The federal case began when a group of elected officials, activists, and organizations – spearheaded by a group called Free Speech for People – filed a July 2016 complaint with the Federal Election Commission (FEC) against 10 super PACs. The complaint alleged that these committees, including those aligned with both Democratic and Republican interests, were accepting contributions greater than the $5,000 annual limit that the federal campaign finance statute permits committees to accept. While the D.C. Circuit’s en banc decision in SpeechNow.org v. FEC, 599 F.3d 686 (D.C. Cir. 2010), held that this statute was unenforceable after the U.S. Supreme Court's Citizens United decision, the complainants alleged that developments since 2010 have shown that the “widespread perception of quid pro corruption” associated with super PACs requires reinstatement of the $5,000 limit.
The FEC dismissed the administrative enforcement case unanimously in May 2017, noting that the agency had even issued a 2010 advisory opinion recognizing that SpeechNow was binding precedent. The complainants, however, were undeterred by this authority, sought review of the FEC’s dismissal from the federal courts, and argued that the FEC should have refused to acquiesce to the SpeechNow decision. Judge Sullivan was clear, however, that as a lower court judge, he was bound by existing legal precedent and upheld the FEC’s dismissal of the enforcement action. The judge’s opinion explained that he was not prepared to label a “binding precedent of the D.C. Circuit [as] unlawful.”
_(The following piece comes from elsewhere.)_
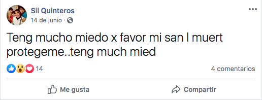 Hace unos meses, Silvia relató en su muro de Facebook el infierno que vivía tras la ruptura con Javier. En varias publicaciones, expresó que tenía "mucho miedo", y al menos en una ocasión su expareja dejó un mensaje amenazante en sus redes sociales.

Based on public sources, the larger aim of those behind the lawsuit is to continue pursuing this case through the appellate courts until the case reaches a level where those hearing the case are authorized to overrule existing precedent. Originally, supporters of this strategy expected that Hillary Clinton would likely defeat Donald Trump in the November 2016 elections, replacing the late Justice Antonin Scalia with a more moderate Justice who would be willing to reconsider the rationale behind super PAC-related decisions. While that did not happen, as President Donald Trump appointed conservative Justice Neil Gorsuch to succeed Scalia, proponents of the lawsuit nevertheless believe that “Chief Justice Roberts has given signals that might suggest he would be willing to sustain limits on contributions to super PACs even within the framework of Citizens United.” So the litigation appears likely to continue for the foreseeable future.
Given that super PACs are now well-established players in modern political campaigns, any reversal in the underling judicial opinions would have a significant impact on the political process and the First Amendment rights of individuals and entities. Wiley Rein will continue to track developments in this litigation as they occur.